Neil Pointon

Personal information
- Full name: Neil Geoffrey Pointon
- Date of birth: 28 November 1964 (age 60)
- Place of birth: Church Warsop, Nottinghamshire, England
- Height: 5 ft 10 in (1.78 m)
- Position(s): Full-back

Senior career*
- Years: Team / Apps / (Gls)
- 1981–1985: Scunthorpe United / 159 / (2)
- 1985–1990: Everton / 102 / (5)
- 1990–1992: Manchester City / 74 / (2)
- 1992–1995: Oldham Athletic / 95 / (3)
- 1995–1998: Heart of Midlothian / 67 / (3)
- 1998–2000: Walsall / 61 / (0)
- 2000: Chesterfield / 10 / (0)
- 2000–2001: Hednesford Town / 21 / (0)
- 2002–2003: Mossley / 15 / (1)
- Total:  / 604 / (16)

= Neil Pointon =

English footballer

Neil Geoffrey Pointon (born 28 November 1964) is an English former professional footballer.
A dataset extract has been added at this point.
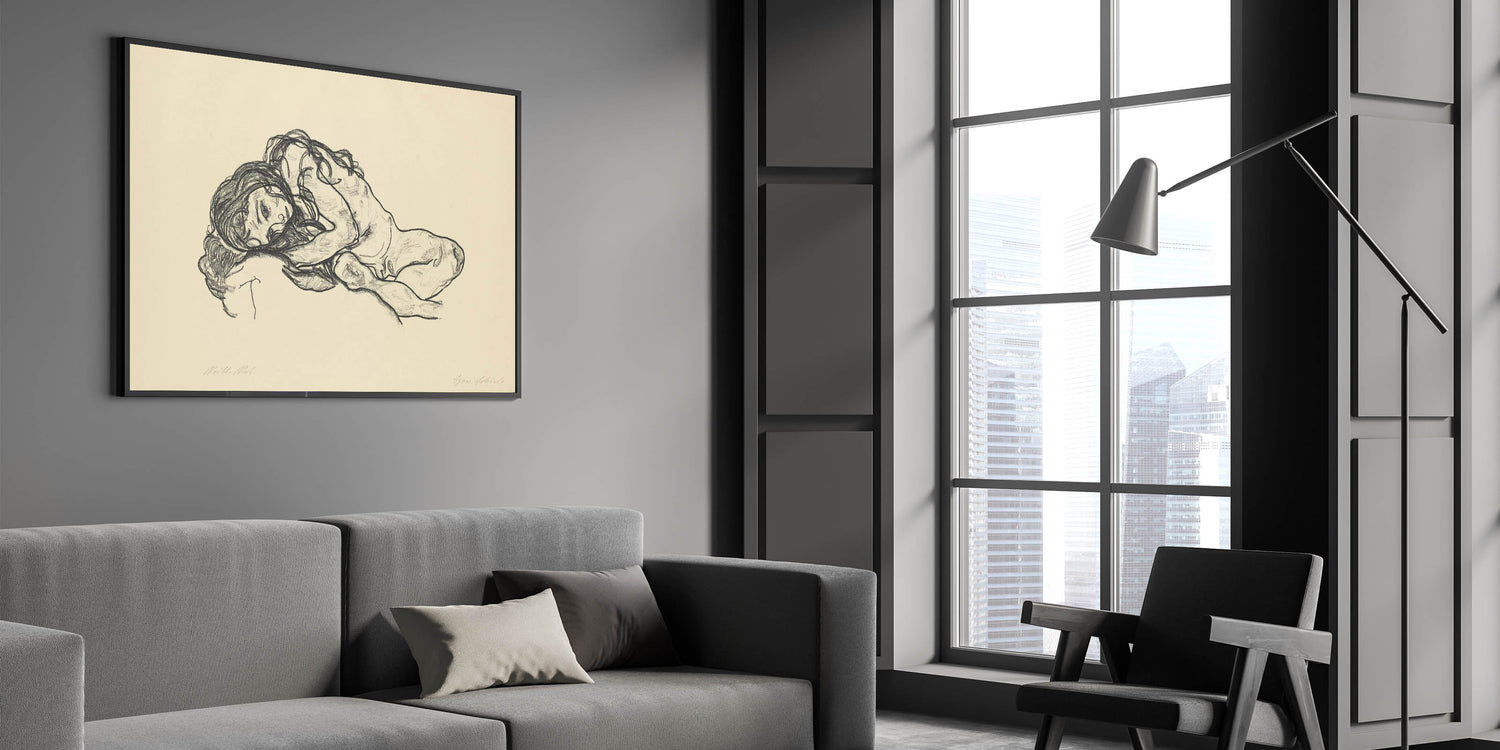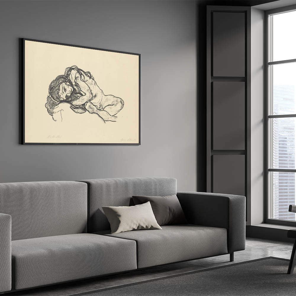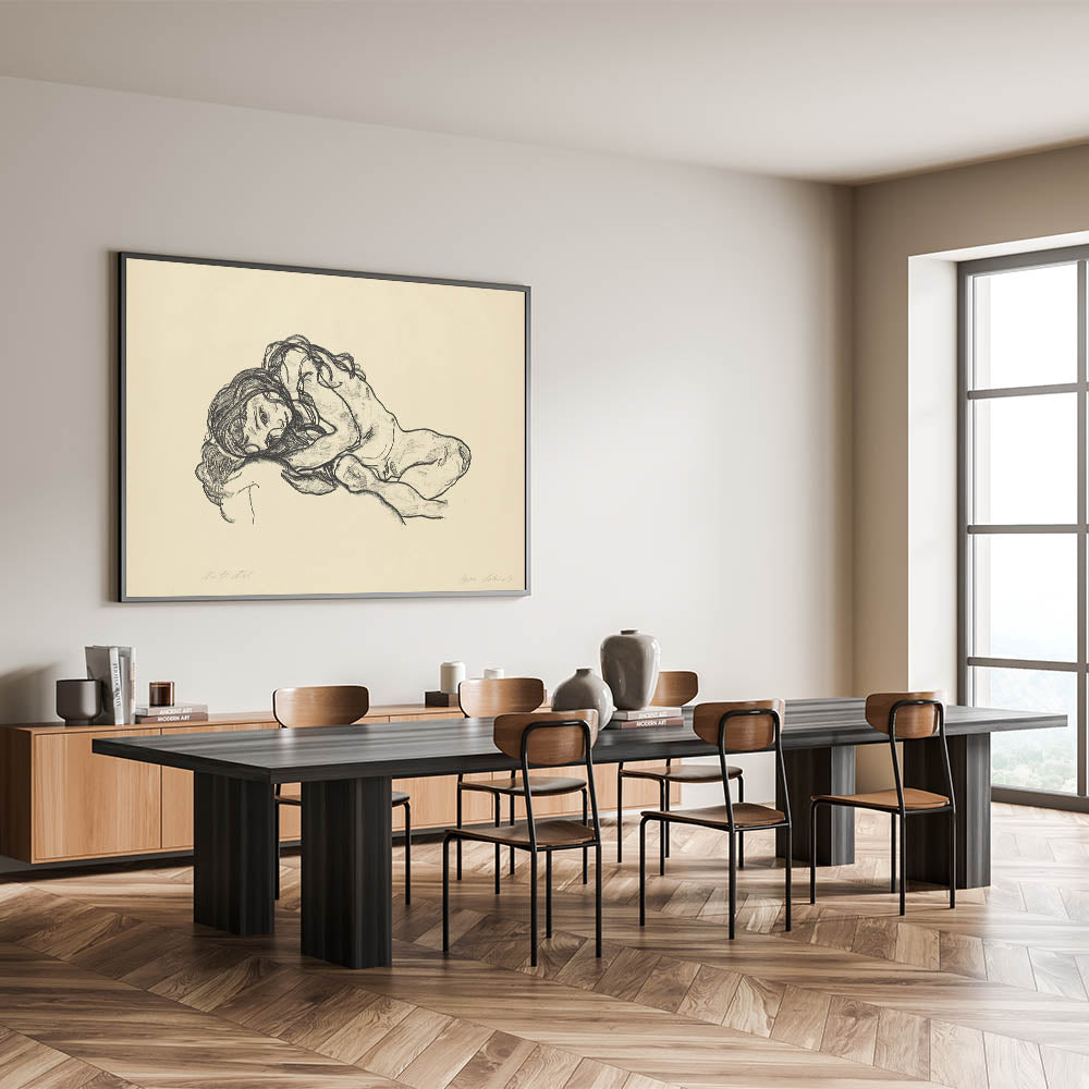 Bring a touch of introspection and beauty to your space with this Expressionist Art sketch by Egon Schiele. Featuring a reclining woman rendered in raw, expressive charcoal strokes, this artwork captures the human form in its most vulnerable and emotional state. A hallmark of Modern Expressionism, this piece conveys deep emotion and artistic brilliance, perfect for those who appreciate minimalist yet powerful art.

Pointon was a left-back who is perhaps best remembered for playing for Everton, Manchester City and Oldham Athletic.

==Career==
Pointon joined Scottish Premier Division outfit Heart of Midlothian in 1995, enjoying a number of seasons up in Scotland before later playing for Walsall, Chesterfield and Hednesford Town. He scored for Hednesford against former club Oldham Athletic in an FA Cup tie at Keys Park.

On 30 May 2025, he retired as a coach at the Bolton Wanderers academy after fifteen years service with the club.